> **ACTIVITY**:
Your task is to repeat exactly the lines below between the line holding "[충청뉴스큐] 천안시는 부동산" and the line holding "Στο 3ο Πανελλήνιο", inclusive, and only those.

> **EXTRACTED INFORMATION**:
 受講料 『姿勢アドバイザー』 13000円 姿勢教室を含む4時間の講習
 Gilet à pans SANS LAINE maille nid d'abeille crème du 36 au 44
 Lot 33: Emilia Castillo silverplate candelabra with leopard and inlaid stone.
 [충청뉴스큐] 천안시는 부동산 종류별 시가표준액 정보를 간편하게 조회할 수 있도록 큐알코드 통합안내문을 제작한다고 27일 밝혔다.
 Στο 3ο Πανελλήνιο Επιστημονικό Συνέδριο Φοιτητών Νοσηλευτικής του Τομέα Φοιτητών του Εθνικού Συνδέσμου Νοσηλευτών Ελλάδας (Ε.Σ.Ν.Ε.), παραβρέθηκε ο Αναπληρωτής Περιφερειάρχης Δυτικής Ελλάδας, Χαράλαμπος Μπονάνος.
...
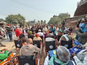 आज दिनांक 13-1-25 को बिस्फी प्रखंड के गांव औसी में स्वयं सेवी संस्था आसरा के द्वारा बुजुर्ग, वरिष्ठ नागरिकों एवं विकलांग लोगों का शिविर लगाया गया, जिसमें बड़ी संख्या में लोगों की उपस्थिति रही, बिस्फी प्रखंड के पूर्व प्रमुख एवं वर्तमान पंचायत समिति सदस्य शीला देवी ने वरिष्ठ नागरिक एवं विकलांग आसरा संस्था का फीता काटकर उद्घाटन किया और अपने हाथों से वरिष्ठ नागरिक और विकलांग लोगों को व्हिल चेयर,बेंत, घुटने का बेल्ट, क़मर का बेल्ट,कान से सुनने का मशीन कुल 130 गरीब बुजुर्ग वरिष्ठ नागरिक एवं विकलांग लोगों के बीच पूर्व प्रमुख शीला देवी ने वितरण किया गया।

> **ANSWER TO THIS EXERCISE**:
 [충청뉴스큐] 천안시는 부동산 종류별 시가표준액 정보를 간편하게 조회할 수 있도록 큐알코드 통합안내문을 제작한다고 27일 밝혔다.
 Στο 3ο Πανελλήνιο Επιστημονικό Συνέδριο Φοιτητών Νοσηλευτικής του Τομέα Φοιτητών του Εθνικού Συνδέσμου Νοσηλευτών Ελλάδας (Ε.Σ.Ν.Ε.), παραβρέθηκε ο Αναπληρωτής Περιφερειάρχης Δυτικής Ελλάδας, Χαράλαμπος Μπονάνος.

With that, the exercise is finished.